**REQUIRED WORK**: As you reproduce every line below, keep it exactly as written and leave out the images.

[INPUT DATA — start]

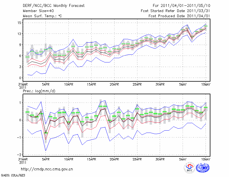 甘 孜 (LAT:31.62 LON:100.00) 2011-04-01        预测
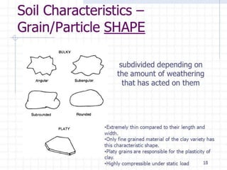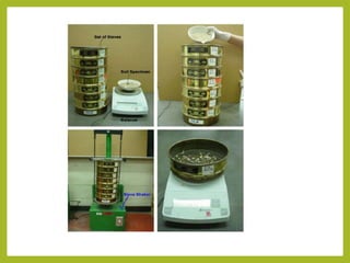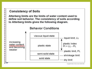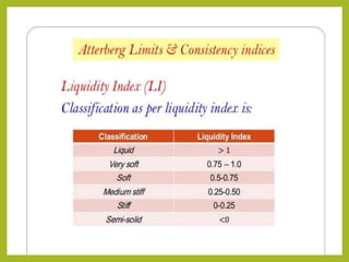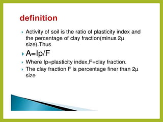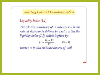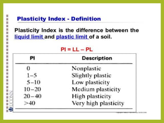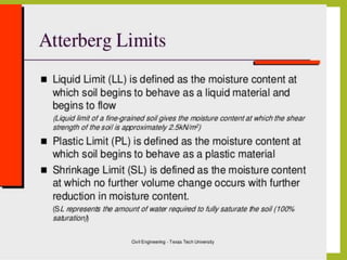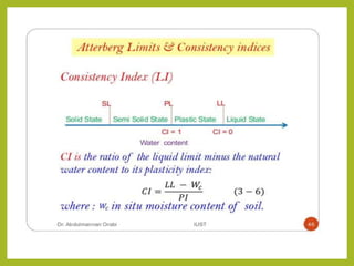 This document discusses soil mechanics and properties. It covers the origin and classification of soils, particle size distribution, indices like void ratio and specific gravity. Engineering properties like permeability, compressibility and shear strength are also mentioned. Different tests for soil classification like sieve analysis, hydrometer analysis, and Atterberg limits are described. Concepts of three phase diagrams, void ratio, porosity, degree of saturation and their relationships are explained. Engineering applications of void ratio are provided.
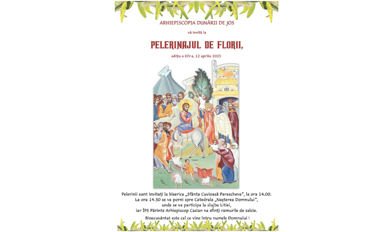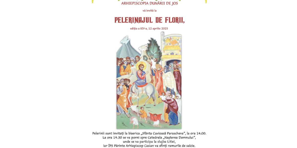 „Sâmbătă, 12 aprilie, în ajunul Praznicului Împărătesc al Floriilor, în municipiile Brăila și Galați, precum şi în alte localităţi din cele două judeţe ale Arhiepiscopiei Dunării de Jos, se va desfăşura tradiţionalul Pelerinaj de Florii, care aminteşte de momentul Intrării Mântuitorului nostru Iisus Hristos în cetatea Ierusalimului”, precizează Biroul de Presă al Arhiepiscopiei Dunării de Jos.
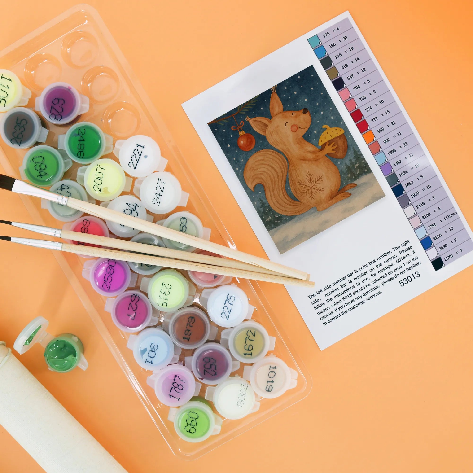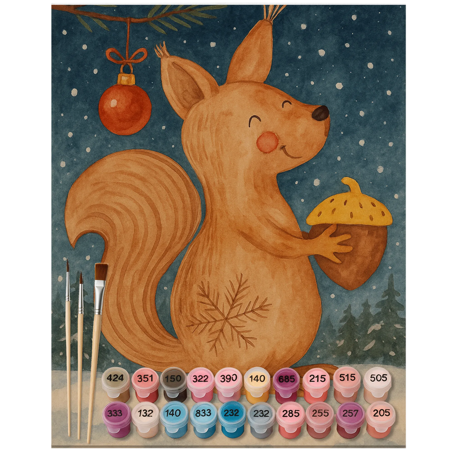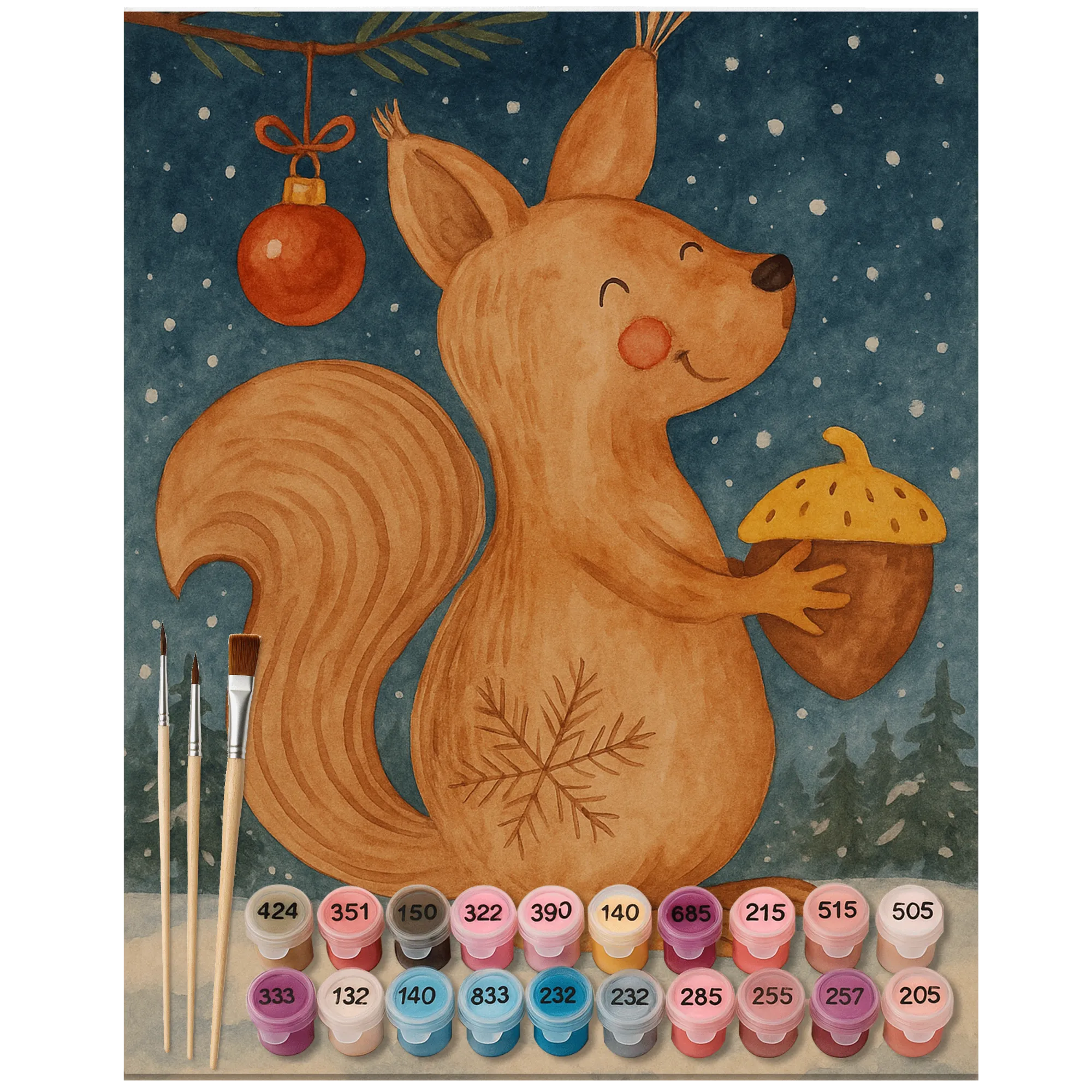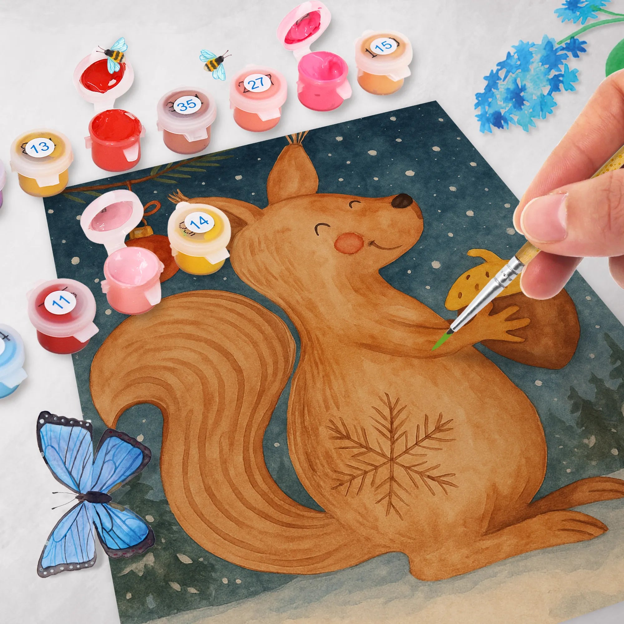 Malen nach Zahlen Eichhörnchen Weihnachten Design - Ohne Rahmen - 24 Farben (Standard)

[INPUT DATA — finish]

**SOLUTION TO THE EXERCISE**:
 甘 孜 (LAT:31.62 LON:100.00) 2011-04-01        预测
 This document discusses soil mechanics and properties. It covers the origin and classification of soils, particle size distribution, indices like void ratio and specific gravity. Engineering properties like permeability, compressibility and shear strength are also mentioned. Different tests for soil classification like sieve analysis, hydrometer analysis, and Atterberg limits are described. Concepts of three phase diagrams, void ratio, porosity, degree of saturation and their relationships are explained. Engineering applications of void ratio are provided.
 „Sâmbătă, 12 aprilie, în ajunul Praznicului Împărătesc al Floriilor, în municipiile Brăila și Galați, precum şi în alte localităţi din cele două judeţe ale Arhiepiscopiei Dunării de Jos, se va desfăşura tradiţionalul Pelerinaj de Florii, care aminteşte de momentul Intrării Mântuitorului nostru Iisus Hristos în cetatea Ierusalimului”, precizează Biroul de Presă al Arhiepiscopiei Dunării de Jos.
 Malen nach Zahlen Eichhörnchen Weihnachten Design - Ohne Rahmen - 24 Farben (Standard)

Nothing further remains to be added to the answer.